Other dust control around the plant is less technical, but just as important. Visitors to the new plant may notice the site isn’t fully paved, and that’s by design. In the city, stormwater run-off regulations depend on one’s square footage of paved property. “The more you pave, the more run-off you create,” Fahey explained. “If we did decide to pave the lot, we would have been required to put in a retention pond, which we don’t have the space for in our footprint.”
Instead of having a completely paved lot, Fahey has a water truck almost full-time on the site to keep dust down and the drive leading into and out of the site is paved to keep traffic from kicking up too much dust.
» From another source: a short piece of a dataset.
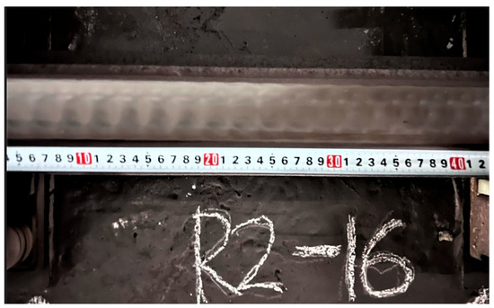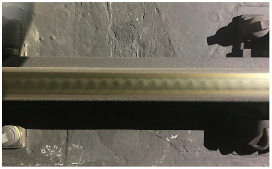 To analyze the increase in the 920 Hz band vibration frequency, the S10 section, where corrugation occurred, was examined. Figure 14 shows the rail corrugation in the S10 section. The wavelength of the corrugation was 24 mm, and when the vehicle was operated at 80 km/h, the vibration frequency caused by the corrugation, calculated using Equation (1), was 926 Hz. Here, is the vehicle speed, and is the wavelength of the corrugation.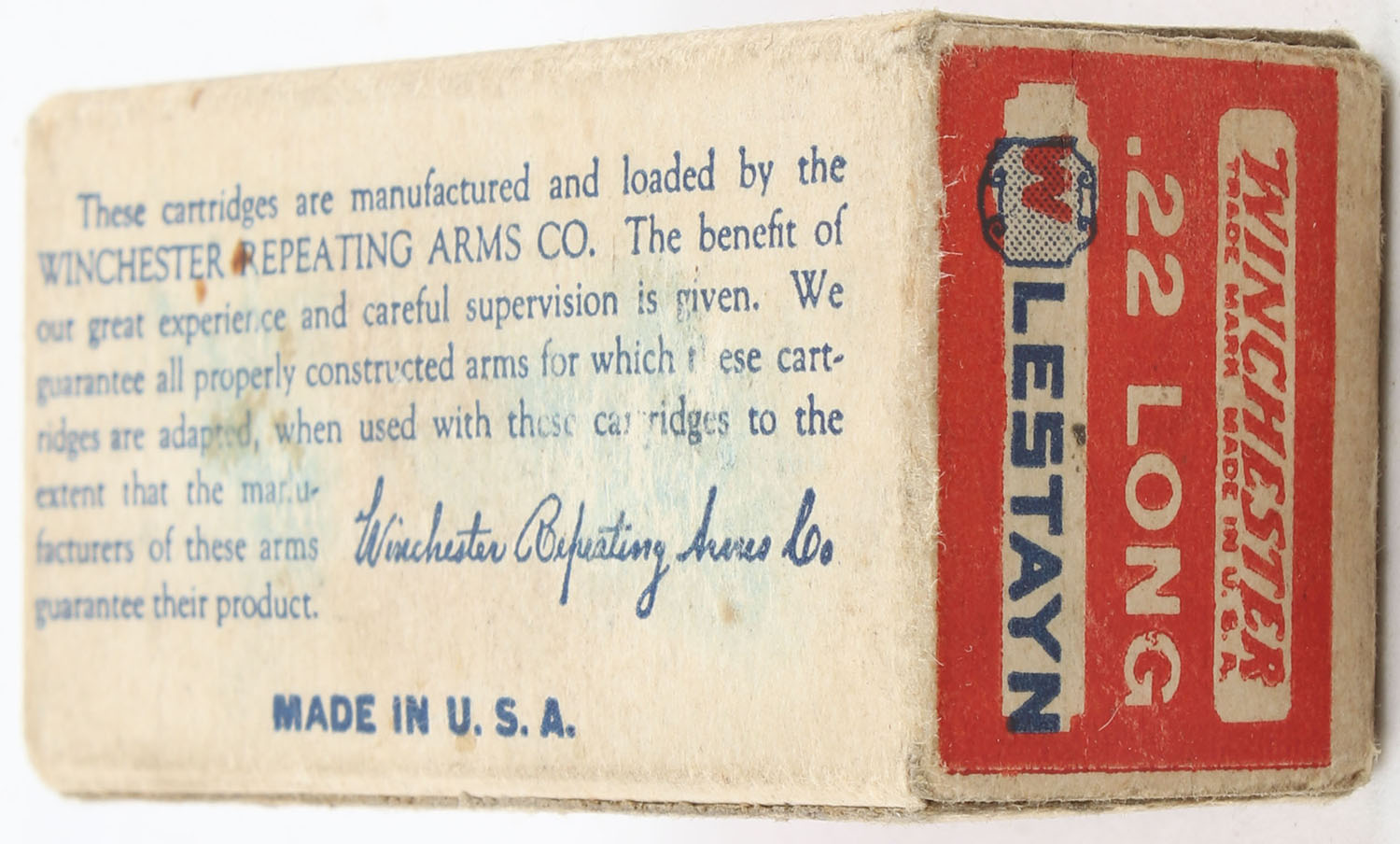 Winchester, Lestayn, .22 Long, RHWeb: WRA-13.5 L-1, Full, 1pc. Red white & blue box, box is solid with very good to excellent color, very minor age soiling & shelf wear, minor corner wear, edges are mostly crisp, end flaps are solid, ammo is very good. Grade: Very Good ++ - Value: 70 to 100

From creating a comfortable environment for workers to forming lasting relationships with similar family-oriented businesses, the team at JM Fahey has shown workforce-building and quality-minded growth since 1971. Now the 2022 construction season has launched with a state-of-the-art facility built to attract business, quality and workers for the future.
Move Dust for Quality Control
The team at JM Fahey had been brainstorming ways to improve mix quality for their customers, according to CWMF’s Wally Olson. During the plant designing process from 2019 to 2021, they came up with the ideas for CWMF to design. The result is the system in these images. It may look complex at first with enclosed augers crisscrossing this flat image, but the design contained within the space of the pertinent components allows the plant operator to physically meter fines to his mix.
In the photo below, you can see a forward auger (the base of which is indicated by the letter B) to move dust from the baghouse (indicated by the letter A) to the drum. The system gives the plant operator the ability to block the rotary airlock and reverse the auger (indicated by the letter C) to move dust up to the mineral fill silo.
The hose leading from the top of the mineral silo to a flange on the baghouse (indicated by the letter A) represents another innovation from JM Fahey and CWMF. Olson said this idea not only reduced maintenance by eliminating the need for a “mini baghouse” atop the mineral silo, but also lets the Dust-Eater from CWMF serve as a filtration for the dust silo.